God Makes the Rivers to Flow is an anthology of spiritual texts for use in meditation, assembled by Eknath Easwaran. Condensed versions have been published under the titles Timeless Wisdom (book) and Sacred Literature of the World (audio recording). First published as a book in the US in 1982, progressively enlarged or revised versions of God Makes the Rivers to Flow were also issued in the US in 1991, 2003, and 2009. English editions have been published in India, and a French edition has been published. The book has been reviewed in newspapers, magazines, professional journals, and websites,
and utilized in research studies and education.

Background
For nearly four decades, Easwaran taught a method of meditation, known as passage meditation, which involves focusing the mind on inspiring sacred texts, such as the 23rd Psalm or the Buddha's Discourse on Good Will. Throughout this time, he received inquiries about whether various texts were suitable passages for meditation. He taught that passages should meet the criteria he had learned to trust in his own practice: a passage should be "positive, practical, universal, and inspiring". and drawn from a scripture or a person whose words and life attest to spiritual realization. God Makes the Rivers to Flow grew as a collection of such passages.

Topics covered
All US editions of God Makes the Rivers to Flow and its derivatives contain an introduction, plus numerous 1- to 3- or more page selections of spiritual texts from many traditions. Examples of spiritual texts are shown in the table at right.

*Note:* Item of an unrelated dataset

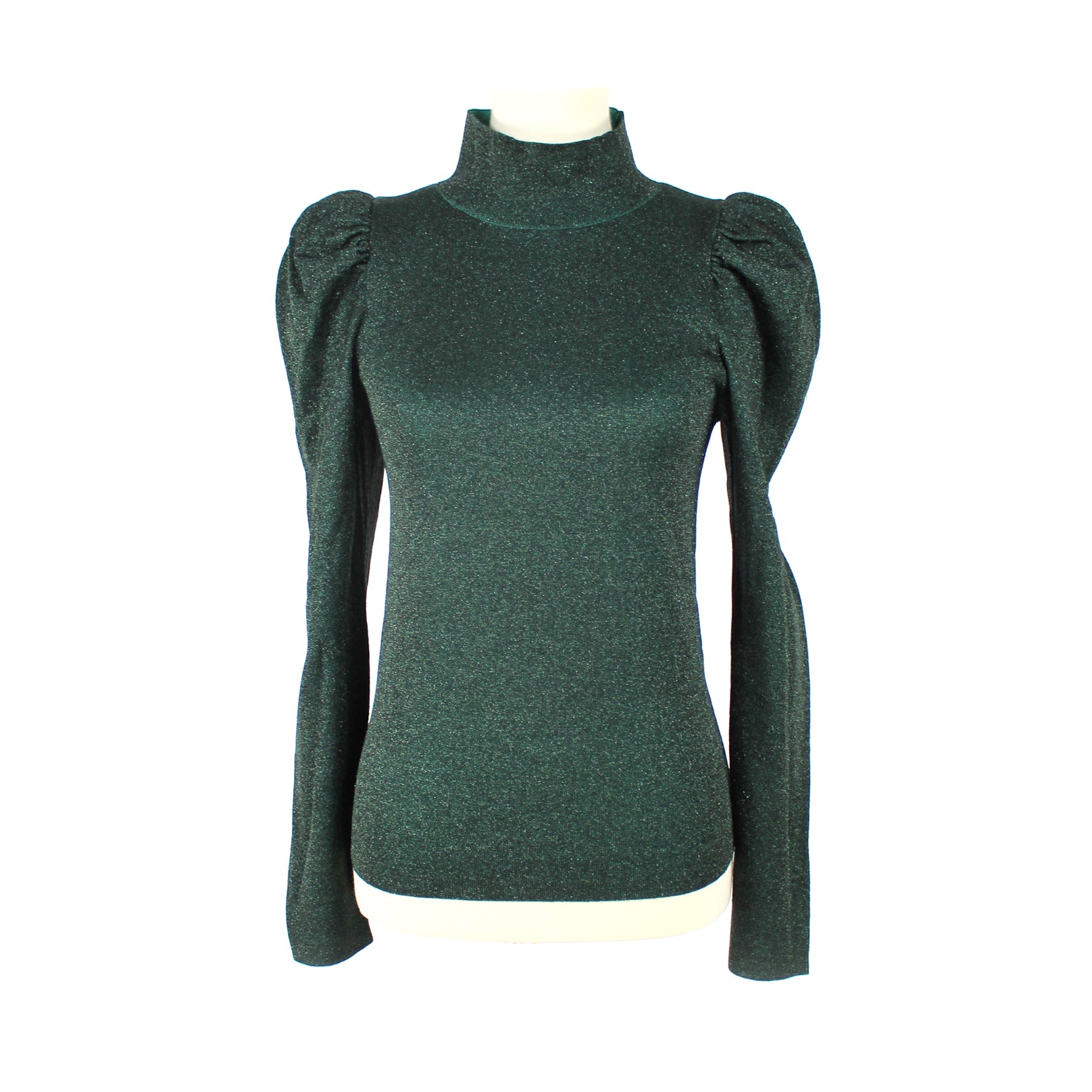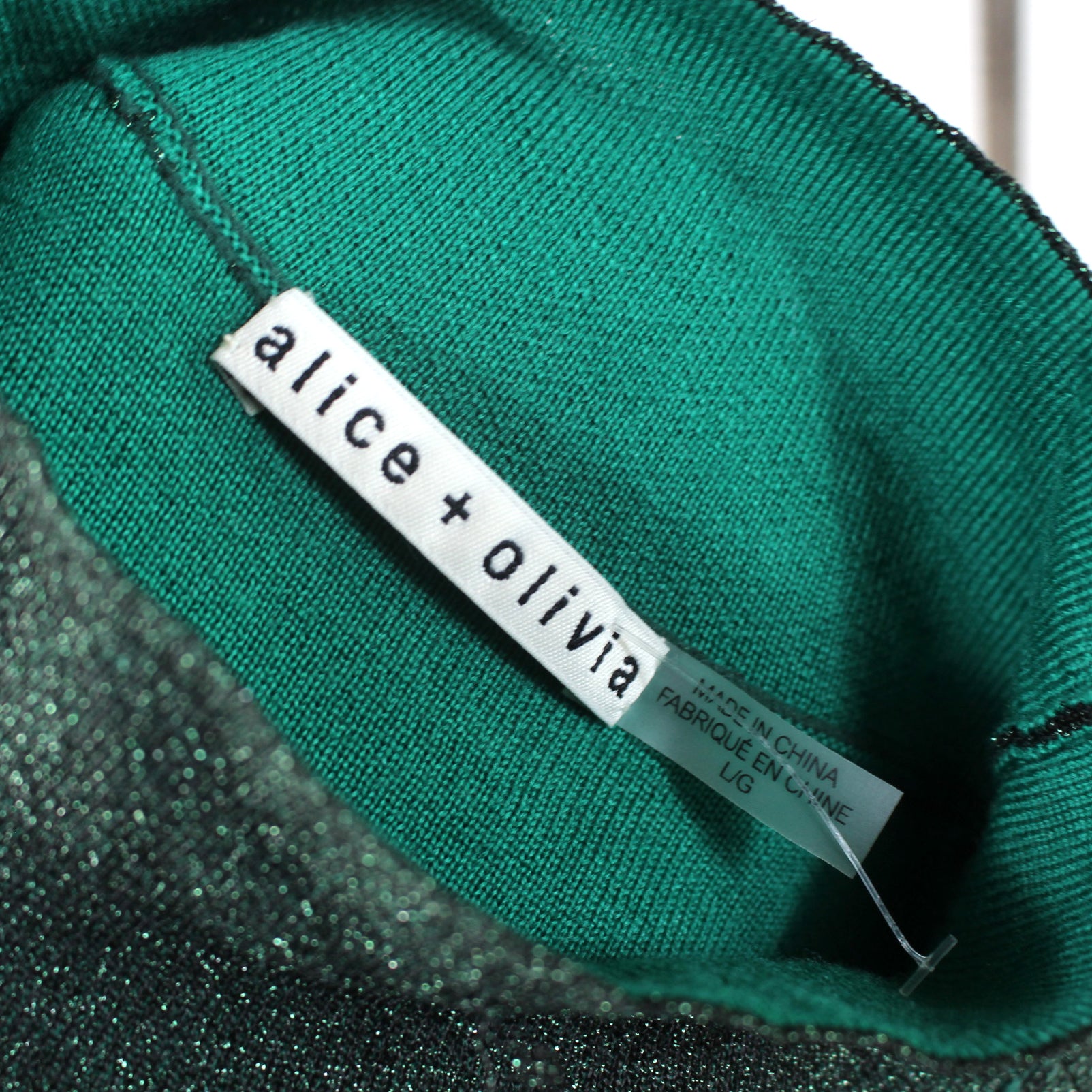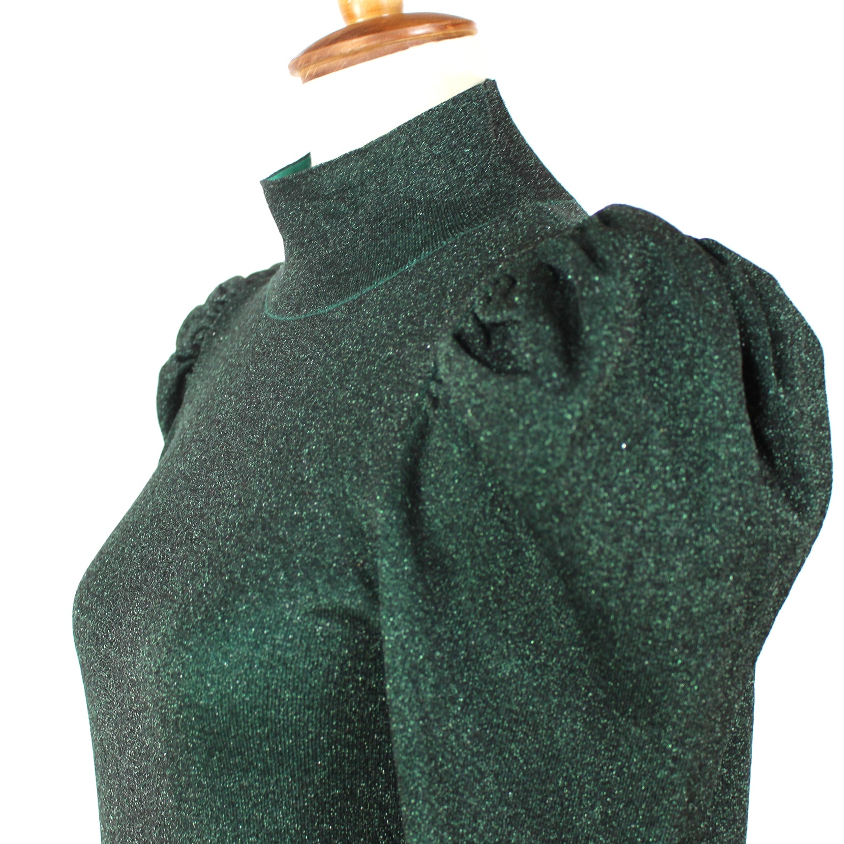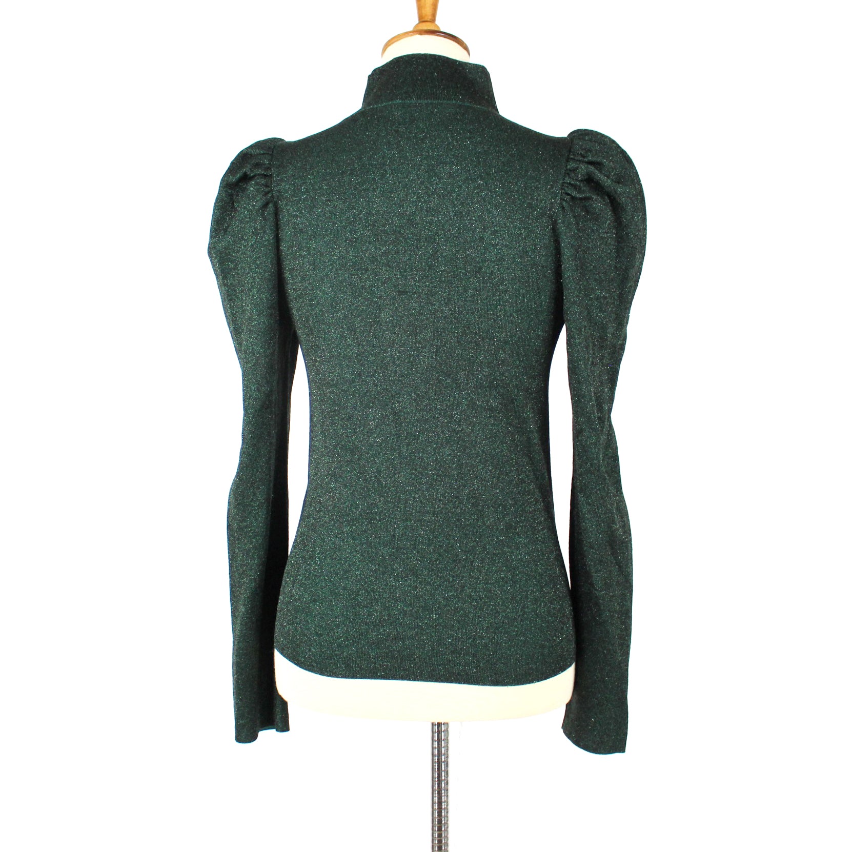 Alice + Olivia Issa Puff Sleeve Turtleneck Emerald Green Metallic Sweater

 Easwaran's Introduction uses a sculptural metaphor to explain how passages can be used beneficially in meditation. He tells the story of an ancient Indian sculptor who was renowned for vivid representations of elephants. His secret, the sculptor explained, was that after quarrying a giant rock,
"for a long time, I do nothing but observe... and study it from every angle. I focus all my concentration on this task... At first, I see nothing but a huge and shapeless rock... Then slowly, very slowly, I... feel a presentiment... an outline, scarcely discernible, shows itself to me... An elephant is stirring in there!... I now know the one thing I must do:... I must chip away every last bit of stone that is not elephant. What then remains will be, must be, elephant."

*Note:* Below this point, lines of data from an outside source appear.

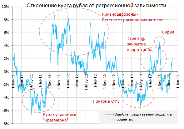 Вот график, сравнивающий реальный рубль с реальной нефтью. Рубль сейчас слегка дешев, но не катастрофически дешев. На этом основании его нужно покупать. Из этой модели можно вывести «ошибку» предсказаний, объясняемую иными факторами.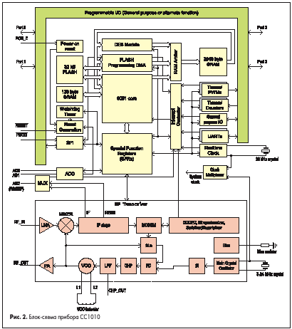 CC1010 — это CMOS RF-трансивер для частот 300 –1000 МГц, интегрированный с микроконтроллером 8051.
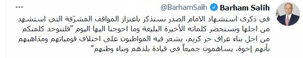 وقال صالح في تغريدة على حسابه في تويتر: " في ذكرى استشهاد الامام الصدر نستذكر باعتزاز المواقف المشرّفة التي استشهد من اجلها ونستحضر كلماته الأخيرة البليغة وما احوجنا اليها اليوم "فلتتوحد كلمتكم من اجل بناء عراق حر كريم، يشعر فيه المواطنون على اختلاف قومياتهم ومذاهبهم بأنهم إخوة، يساهمون جميعاً في قيادة بلدهم وبناء وطنهم".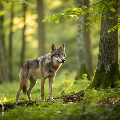 © Husnat, Obraz premium alert wolf facing camera in summer forest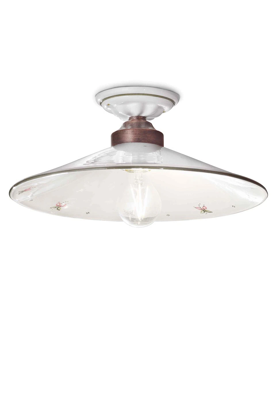 Joli plafonnier taille 35cm de la collection Asti disponible également en 20cm et 30cm, qui affirme un style rétro épuré avec son abat-jour en forme de coupelle évasée en céramique blanche sur une pièce de métal finition cuivre vieilli qui le relie au support de plafond moulé. L’abat-jour est doté d’un liseré vert sombre fin ainsi que d’un superbe motif floral fait de délicates touches de vert et rose, parsemant la céramique blanche, créant une ambiance campagne désuète. La maison Ferroluce produit exclusivement en Italie, et l’excellence de ses artisans céramiste qui livrent des luminaires intemporels depuis 1982 n’est plus à prouver.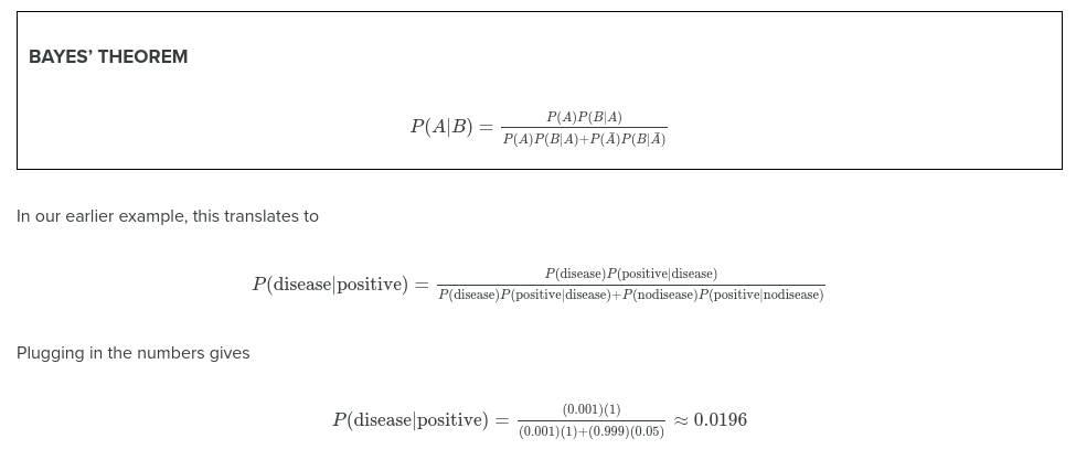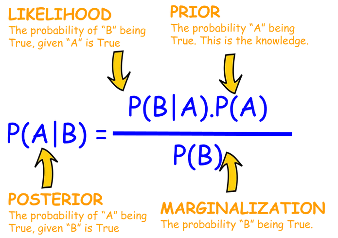\(P(A|B) = \frac{P(B|A)\times P(A)}{P(B)}\)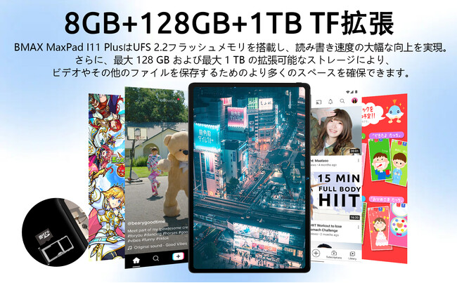 大容量メモリ(8GB+128GB+1TB拡張可能)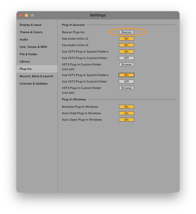 4. Click re-scan --> Clear cash and re-scan VST paths for all plugins.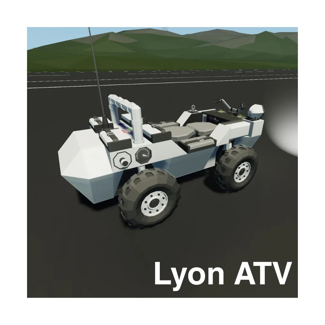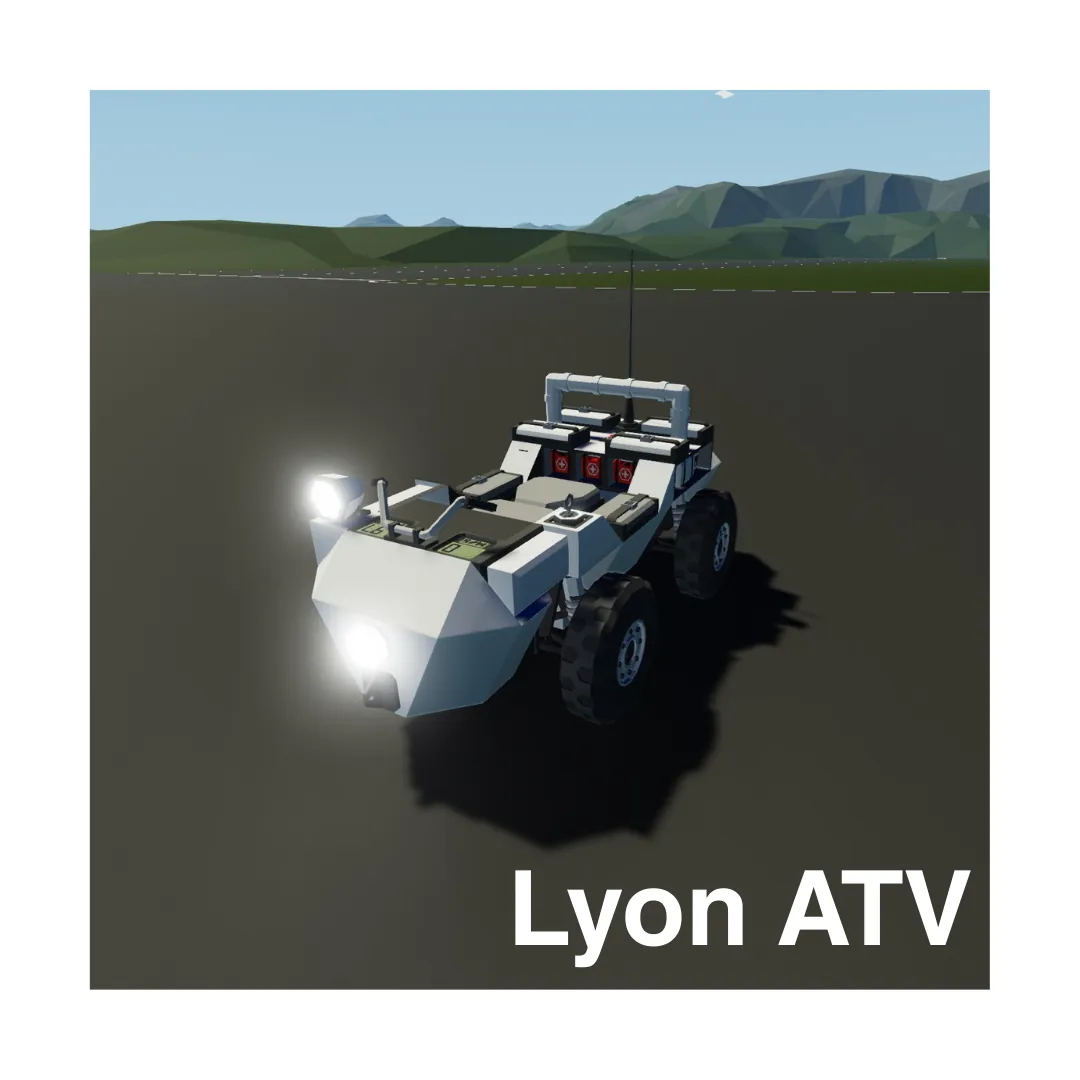 The Lyon E-ATV cruises at 30m/s, or 108km/h, carries 8 people, including the driver, and holds 2 First Aid Kits, 1 Flashlight, 1 Rope and 1 Fire Extinguisher. It also has a listen-only Radio for up to 1km of range to monitoring a frequency.

Similarly, Easwaran says, meditation helps us to reveal "our higher self... [a] spark of divinity [that] is to be found in the heart of each human being.... [by] resolutely chip[ping] away whatever is not divine in ourselves." This process is neither easy or quick, and "can't be done in a week or by the weak." But "whatever our tradition, we are inheritors of straightforward spiritual practices [that] vary a bit from culture to culture... but essentially... are the same." Meditation is the most potent practice, enabling us to "see the lineaments of our true self":
In meditation, the inspirational passage is the chisel, our concentration is the hammer.... When we use our will to drive the thin edge of the passage deep into consciousness, we get the purchase to pry loose tenacious habits and negative attitudes. The passage, whether it is from the Bhagavad Gita or The Imitation of Christ or the Dhammapada of the Buddha, has been tempered in the flames of mystical experience...

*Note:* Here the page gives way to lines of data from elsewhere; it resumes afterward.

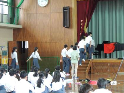 2年生にとっても、初めての合唱コンクールのリハーサルでした。一度、動きを全クラス確認した後、再度入退場をし、少し歌声の披露がありました。他のクラスのを聴いて、さらに頑張ろうという気持ちになったと思います。当日が楽しみです。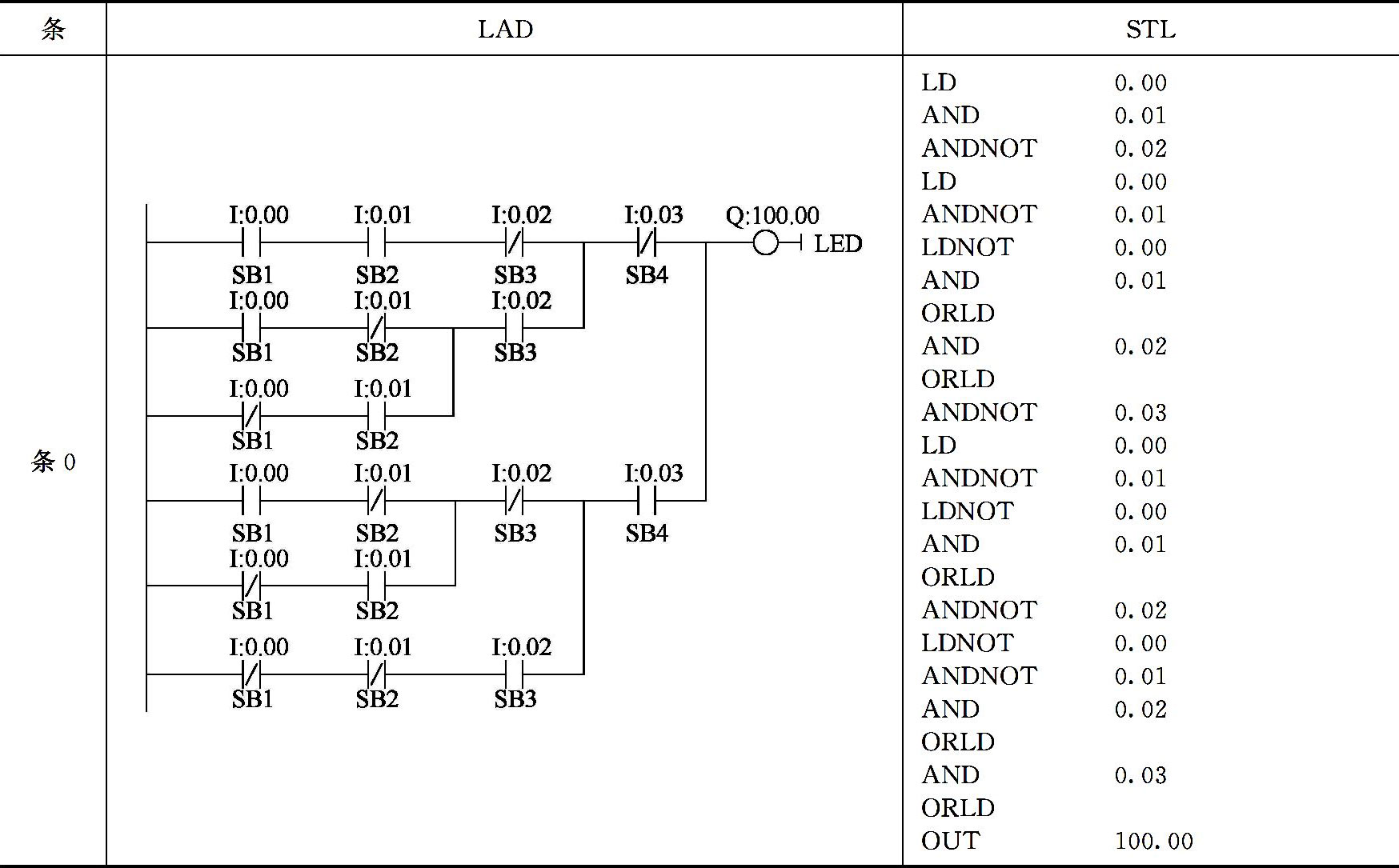 根据用4个按钮控制1个信号灯的控制分析和PLC资源配置,设计出用4个按钮控制1个信号灯的PLC梯形图(LAD)及指令语句表(STL),如表4-60所示。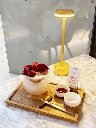 超適合告白的花漾瑰蜜,荔枝花茶和義式咖啡完美融合清爽好入喉,使用的是台灣南投可食用玫瑰,沾著覆盆莓醬,聞香瓶有股淡淡的玫瑰香,超浪漫超有儀式感!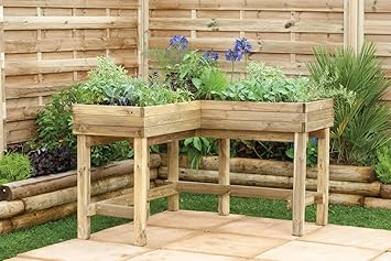 Stylish Corner Wooden Table Planter For Herbs Plants And

According to Easwaran, "the great principle upon which meditation rests is that we become what we meditate on." This, he says, is consistent with our experience that even in everyday life, we are shaped by what occupies our thoughts – for example, if we spend most of our time "studying the market, checking the money rates, evaluating our portfolios, we are going to become money-people." Thus, in selecting meditation passages, Easwaran has "aimed for the highest the human being is capable of, the most noble and elevating truths that have ever been expressed on this planet." Indeed,
The test of suitable meditation passages is simply this: Does the passage bear the imprint of deep, personal spiritual experience? Is it the statement of one who went beyond the narrow confines of past conditioning into the unfathomable recesses of the mind, there to begin the great work of transformation?.... whatever lacks this validation by personal experience, however poetic or imaginative... is not suited for use in meditation.
He also states that passages should be "life affirming," and encourages building a varied repertoire of passages that can "guard against overfamiliarity.... [and] match a passage to your particular need at the time."

The 2nd and 3rd editions contain several supplementary sections:
A description of 8-point program of passage meditation recommended by Easwaran, involving silently and slowly focusing the mind on memorized or previously known passages (6 pages)
A post-script on the "Message of the Scriptures," describing the goal of meditation as a "deathless state of Self-realization.... the message of every major scripture [and] the testimony of mystics everywhere, East or West."  (3 pages)
The author's statement of what he believes separates the book from other sacred literature collections: that it functions as an instrument for transforming one's life. He states he can "testify from my own experience [that the passages] have the power to remake personality in the image of one's highest ideals." ("Preface," 1 page)
Indices by source, title, and first line
Biographical and bibliographic notes on passage sources

The 3rd edition – published originally in 2003, and revised in 2009 – also contains:
"How to Use This Book," with subsections on: The power of the word, and on methods of using passages for lectio divina, lectio continua, and passage meditation (12 pages) (see Table at right).
"Recommended Passages for Specific Uses," which suggests lists of especially helpful passages for particular stages of life (e.g., expectant mothers, caregivers, illness); for building specific positive qualities (e.g., patience, compassion, courage, devotion); or addressing and changing specific negative patterns of thinking (e.g., anger, fear, jealousy, greed). (6 pages)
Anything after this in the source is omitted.